Three Gurus of Big Data
Big data. Everyone’s talking about it, but what exactly is it? How can it be harnessed to advance translational science? And what perils lie within the oceans of data that now surround us? Three experts from different backgrounds go fishing for answers.
Dipak Kalra, Iain Buchan, and Norman Paton |
Gone are the days of trekking to a library to thumb through research papers or handing out paper questionnaires to collect patient data. Now, we can gather terabytes of data at the click of a button. But are we making the best use of the data we’re collecting? Here, data experts Dipak Kalra, Iain Buchan, and Norman Paton join the debate.
Dipak is President of the European Institute for Health Records (EuroRec), and Professor of Health Informatics at University College London, in the UK. As a physician working in London in the early 1990s, he found that the computer systems of the time couldn’t give him the insight he needed into his patients’ data. He joined a European research project on health records and soon realized that creating truly useful electronic health records was a massive and exciting challenge. Twenty-five years on, Dipak is still working to improve health informatics. He also leads a non-profit institute that aims to promote best practice regarding health data in research and communicate with the public about how their health data is used.
Iain is Director at the Farr Institute of Health Informatics Research, and Professor in Public Health Informatics at the University of Manchester in the UK. As a medical student, Iain Buchan saw the rise of the PC revolution. It was obvious to him that there was a need to fuse pathophysiological and biological reasoning with a statistician’s view of analysis and inference. Buchan created a statistical software package (www.statsdirect.com) that quickly attracted tens of thousands of users. Over the years, he became increasingly interested in the interplay between medicine, statistics, and public health data. Buchan’s team (www.herc.ac.uk) is addressing what they see as a fundamental flaw in observational medical research – currently, research orbits around data sources, but it should orbit around questions and problems, pulling in data from various sources as necessary.
Norman is Professor in the School of Computer Science at the University of Manchester in the UK, where he co-leads the Information Management Group. He is a computer scientist by training, with a PhD in object-oriented database systems. His work focuses on data integration, which involves bringing together data from multiple sources in a manner that allows for easy interpretation. Previously, the process has been quite slow and small scale. With the rise of big data, the process needs to be streamlined and made more effective. Paton is currently working in data wrangling – collecting and cleaning up data so that it can be analyzed in an integrated form. Data wrangling is an expensive and time-consuming process, so Paton is working to automate as much of the process as possible.
What is big data?
Dipak Kalra: This is an interesting question, and one that the healthcare community as a whole has yet to conclusively answer. For me, the characteristics of greatest importance are: a large number (millions) of patients, combining multiple data sources (with various interoperability and linkage challenges), and data recorded over time to allow trajectories to be determined. I’m interested to see what answers my colleagues will give.

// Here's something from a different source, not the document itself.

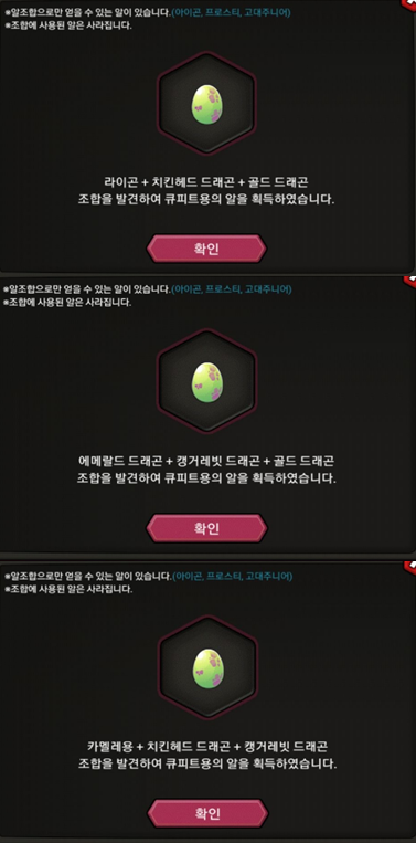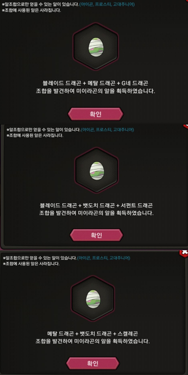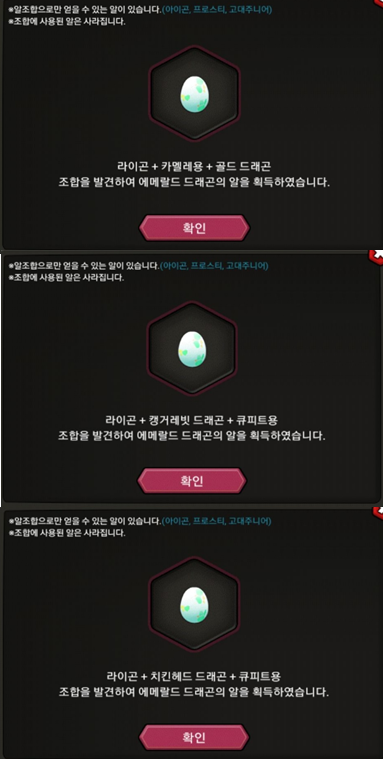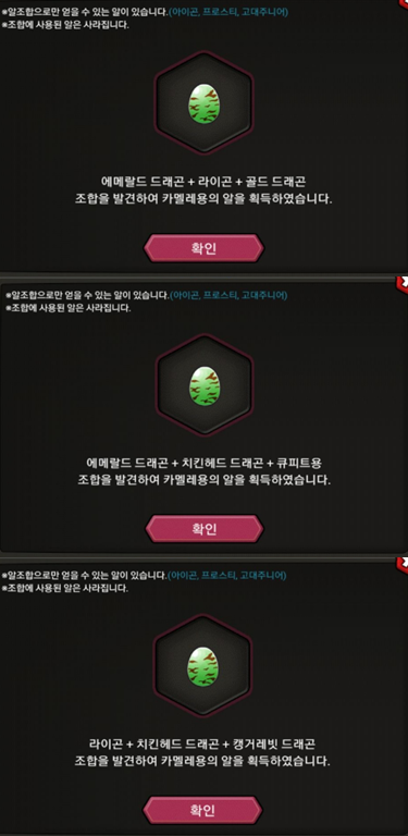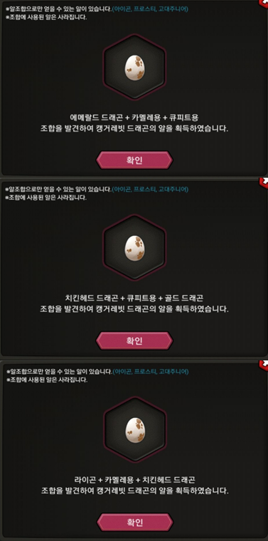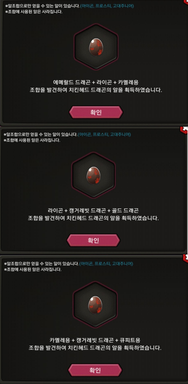 선택해서 해당 드래곤의 알을 얻을 수 있습니다.

Norman Paton: I think of big data as more of an era than a specific size or type of data. More and more data is being accumulated from different places, and that creates an opportunity for people to use and exploit it. “Big data” has been used as a blanket term to cover numerous cases in different contexts, so it’s difficult to find a single definition. However, I believe that it reflects a combination of an increasing number of data sources, an increasing number of domains that have a surplus of data, and the variety that exists within those.

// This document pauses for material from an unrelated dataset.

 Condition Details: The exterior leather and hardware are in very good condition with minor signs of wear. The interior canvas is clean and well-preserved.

Iain Buchan: There are many possible definitions based around the ‘four Vs’ – volume, velocity, variety and veracity – but ultimately, I define big data as big enough to address the challenge at hand – with sufficient accuracy and timeliness to inform better actions.
What impact is big data having on biomedical research?

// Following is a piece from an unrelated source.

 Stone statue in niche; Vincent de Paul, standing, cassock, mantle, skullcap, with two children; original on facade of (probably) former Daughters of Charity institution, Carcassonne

DK: Big data allows us to finally have fine-grain, routinely collected clinical data. Soon we will be able to look at large numbers of patients retrospectively and at a much lower cost, which will explode our understanding of diseases, treatments, biomarkers, health service care, pathway patterns, and how to optimize patient outcomes. I cannot imagine a more exciting time than this.
NP: Big data allows more diversity in research opportunities. For example, we might want to better understand the efficacy of a certain cancer treatment; every hospital has records, but pooling together the relevant data from all of them would be an unmanageable task. Computer systems need to be developed that make the process of identifying, integrating, and interpreting diverse data sets more cost-effective. In medical sciences, opportunities are everywhere because information is constantly being produced in hospitals, drug trials, labs, and so on. I don’t expect to see one mega project using all the information, but many relatively small-scale, focused projects.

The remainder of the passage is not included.